Vote-rigging during legislative and district council elections may be deterred by removing a six-month time limit on prosecuting suspected offenders, the government has proposed.
It also suggests extending public checks on the list of registered voters from two weeks to four weeks, to allow people more time to respond if they have been left out of the list or find any inaccuracy or outdated information.
Lawmakers will discuss the ideas, submitted yesterday by the Constitutional and Mainland Affairs Bureau, on Monday.
The proposed law revisions came after scores of people were convicted of election-related crimes such as registering false addresses to vote in a constituency they did not belong to.
Democratic Party chief executive Lam Cheuk-ting said he was disappointed the government did not intend to consider raising the penalty for declaring a false address. Nor would it consider a pan-democratic suggestion to unify law enforcement powers on election fraud under the Independent Commission Against Corruption, which now shared the responsibility with the police, noted Lam, a former graft-buster.
"The government is simply sending a message to the public that it lacks the intention to toughen up against such illegal behaviour," he said.

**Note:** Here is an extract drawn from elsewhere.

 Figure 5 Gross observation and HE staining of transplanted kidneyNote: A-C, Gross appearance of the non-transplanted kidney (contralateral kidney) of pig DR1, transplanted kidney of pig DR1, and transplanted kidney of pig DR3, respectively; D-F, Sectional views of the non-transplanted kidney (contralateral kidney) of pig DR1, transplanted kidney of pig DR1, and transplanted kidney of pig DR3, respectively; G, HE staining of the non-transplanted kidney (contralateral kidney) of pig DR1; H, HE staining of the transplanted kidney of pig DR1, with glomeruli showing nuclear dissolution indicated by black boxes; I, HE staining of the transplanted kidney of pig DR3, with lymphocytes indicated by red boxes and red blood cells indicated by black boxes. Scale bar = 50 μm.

The government conducts a two-month voter registration exercise to sign up new voters and allow for data updates, such as reporting on people who have died. A provisional voter register is then put out for the public to check that everything is in order.
The two laws governing legislative and district council elections are the Electoral Affairs Commission Regulation and the Elections Ordinance.

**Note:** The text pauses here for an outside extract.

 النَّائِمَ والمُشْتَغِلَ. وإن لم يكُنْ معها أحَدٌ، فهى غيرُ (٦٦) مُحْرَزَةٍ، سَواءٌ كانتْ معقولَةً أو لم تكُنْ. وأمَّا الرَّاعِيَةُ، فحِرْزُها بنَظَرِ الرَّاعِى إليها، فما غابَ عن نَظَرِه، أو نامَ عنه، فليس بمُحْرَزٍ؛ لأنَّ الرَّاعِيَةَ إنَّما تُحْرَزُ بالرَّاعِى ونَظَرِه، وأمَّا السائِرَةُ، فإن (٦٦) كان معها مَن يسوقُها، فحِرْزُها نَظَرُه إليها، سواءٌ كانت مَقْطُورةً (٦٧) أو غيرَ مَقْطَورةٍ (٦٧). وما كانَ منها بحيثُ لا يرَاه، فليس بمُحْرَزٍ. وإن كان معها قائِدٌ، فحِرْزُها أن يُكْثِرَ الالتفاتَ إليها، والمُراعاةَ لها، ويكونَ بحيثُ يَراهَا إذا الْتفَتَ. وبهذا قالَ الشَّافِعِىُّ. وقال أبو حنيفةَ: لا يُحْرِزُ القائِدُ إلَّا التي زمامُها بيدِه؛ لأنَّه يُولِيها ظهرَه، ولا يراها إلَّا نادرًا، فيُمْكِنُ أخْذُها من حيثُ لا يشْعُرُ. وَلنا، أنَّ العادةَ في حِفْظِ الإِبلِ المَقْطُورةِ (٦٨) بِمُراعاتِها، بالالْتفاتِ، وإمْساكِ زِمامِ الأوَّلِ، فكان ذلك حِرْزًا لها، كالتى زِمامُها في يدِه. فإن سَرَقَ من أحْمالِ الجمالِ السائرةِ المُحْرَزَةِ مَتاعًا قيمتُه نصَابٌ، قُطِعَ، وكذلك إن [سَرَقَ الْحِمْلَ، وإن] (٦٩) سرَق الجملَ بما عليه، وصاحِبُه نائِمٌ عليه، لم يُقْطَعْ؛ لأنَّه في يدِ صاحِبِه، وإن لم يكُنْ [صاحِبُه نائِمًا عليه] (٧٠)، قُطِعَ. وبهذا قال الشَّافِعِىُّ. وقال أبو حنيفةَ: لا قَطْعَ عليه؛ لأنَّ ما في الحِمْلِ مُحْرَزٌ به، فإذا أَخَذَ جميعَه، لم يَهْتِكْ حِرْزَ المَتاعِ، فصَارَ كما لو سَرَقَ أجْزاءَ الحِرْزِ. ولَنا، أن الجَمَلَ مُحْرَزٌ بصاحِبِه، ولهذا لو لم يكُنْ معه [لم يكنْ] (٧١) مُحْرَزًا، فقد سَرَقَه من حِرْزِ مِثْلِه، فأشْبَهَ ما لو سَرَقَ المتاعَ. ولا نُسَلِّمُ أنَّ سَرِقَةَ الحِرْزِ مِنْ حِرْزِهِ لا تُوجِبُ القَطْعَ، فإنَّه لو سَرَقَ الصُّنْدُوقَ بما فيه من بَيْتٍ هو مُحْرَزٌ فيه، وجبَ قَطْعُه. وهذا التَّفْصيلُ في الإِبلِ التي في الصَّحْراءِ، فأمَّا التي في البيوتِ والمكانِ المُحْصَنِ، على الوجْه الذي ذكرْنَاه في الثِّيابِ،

The regulation, which is enforced by the police, bans people from making false statements when they register as voters. Offenders face a HK$5,000 fine and six months in jail - provided they are charged within six months of the end of the ballot.
The ordinance, enforced by the ICAC, makes it illegal for a voter to cast a ballot in a constituency that is not their own. It has a stiffer penalty of a HK$500,000 fine and seven years in jail.
Pan-democrats have been calling for making the ICAC the sole agency for fighting vote-rigging. The bureau, which oversees the election authorities, has insisted the "division of labour has been working well" and is worried about overloading the ICAC.
Lam's party colleague, lawmaker Wu Chi-wai, supports unifying the roles as he believes the police will make fighting serious crime their priority. Splitting the responsibilities could also create uncertainties and redundancies during investigations, he said.
The government plans to table the amendments by July.
Voting fraud marred elections in Central and Western District and Yau Tsim Mong in 2011. In the King's Park constituency of Yau Tsim Mong, 45 people were convicted for registering false addresses and other crimes. Its councillor, Edward Leung Wai-kuen, was also unseated by a High Court ruling.